I use Cargill Right Now Onyx. It's great, and I get compliments on how healthy my goats look. Clark's Feed and Seed in Ardmore, Alabama orders it for me.
There's no iron in Onyx (we have too much iron around here already), so the goats are better able to use the copper in it.


----------



## toth boer goats (Jul 20, 2008)

> I don't see where it says it is for sheep. I just saw "Cattle." :shrug: Looks okay to me???


You are right.... :thumb: Jessaba...just read it wrong ...at the bottom of the add.. it states that Producers pride is an exclusive brand for needed to help calves/cows, poultry, rabbits, goats, sheep, hogs and horses stay healthy...it is just saying that it has alot of different minerals types for alot of different animals..


> Producer's Pride® is Tractor Supply Company's exclusive value brand of animal feeds and mineral blocks formulated to provide a nutritional base for your farm animals. The wholesome mixtures include all of the essential vitamins and minerals needed to help calves/cows, poultry, rabbits, goats, sheep, hogs and horses stay healthy.

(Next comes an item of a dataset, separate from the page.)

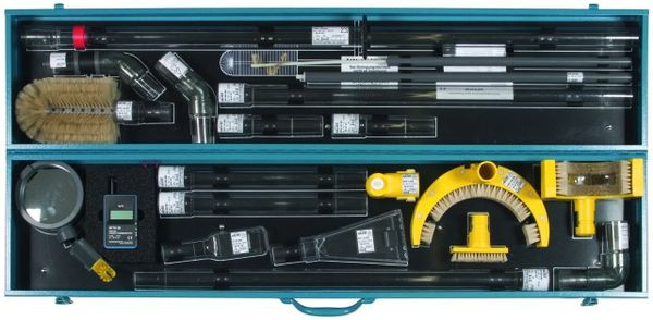 Trockenreinigungsset TRS MS nach DIN VDE 0682-621 zum Reinigen durch Absaugen unter Spannung bis 36kV / 15 ... 60 Hz von Transformatoren und Schaltanlagen in Innenraum- und Freiluftanlagen, komplett im passenden Transportbehälter. Speziell angepasste Arbeitsköpfe zur Intensivreinigung. Steckkupplungssystem zum schnellen Umrüsten der Arbeitsköpfe. Saugluftregulierung im Handhabebereich. Transparente Saugrohre für mehr Sicherheit.
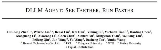 在最近王云鹤主导的论文《DLLM Agent: See Farther, Run Faster》中,其团队探讨了一个基础但经常被忽视的问题:在智能体(Agent)框架、监督数据和交互预算完全相同的情况下,底层语言模型的生成范式(基于扩散的 DLLM 与基于自回归的 AR)是如何深刻影响智能体的规划、工具使用行为以及整体决策轨迹的。

This loose salt that you are inquiring about ..is made for cattle ..which is a product that is OK to use.... if you can't find anything else... it does have the copper in it.... :wink:


----------



## firelight27 (Apr 25, 2009)

A mineral such as the one you are looking at is better than nothing IMO, but if you can get a hold of a goat specific it will be better as it will be more specifically formulated for their needs....in particular it should have more copper since they can't add a ton of copper if it is labeled for the sheep or the sheep could die.

Mine love the Purina minerals and look great. They still need selenium supplementation (I do the gel a few times a year) but only one seems to need copper if I don't bolus (so I went ahead and bolused everyone anyways.) I didn't care for Manna Pro. I thought the amounts on some of the different minerals were not good enough. Plus the goats don't seem to find it as tasty and it is priced really high. Cargill Right Now Onyx is not labeled for goats, but I've heard amazing things about it and it is what I would be using if I could get some. But alas....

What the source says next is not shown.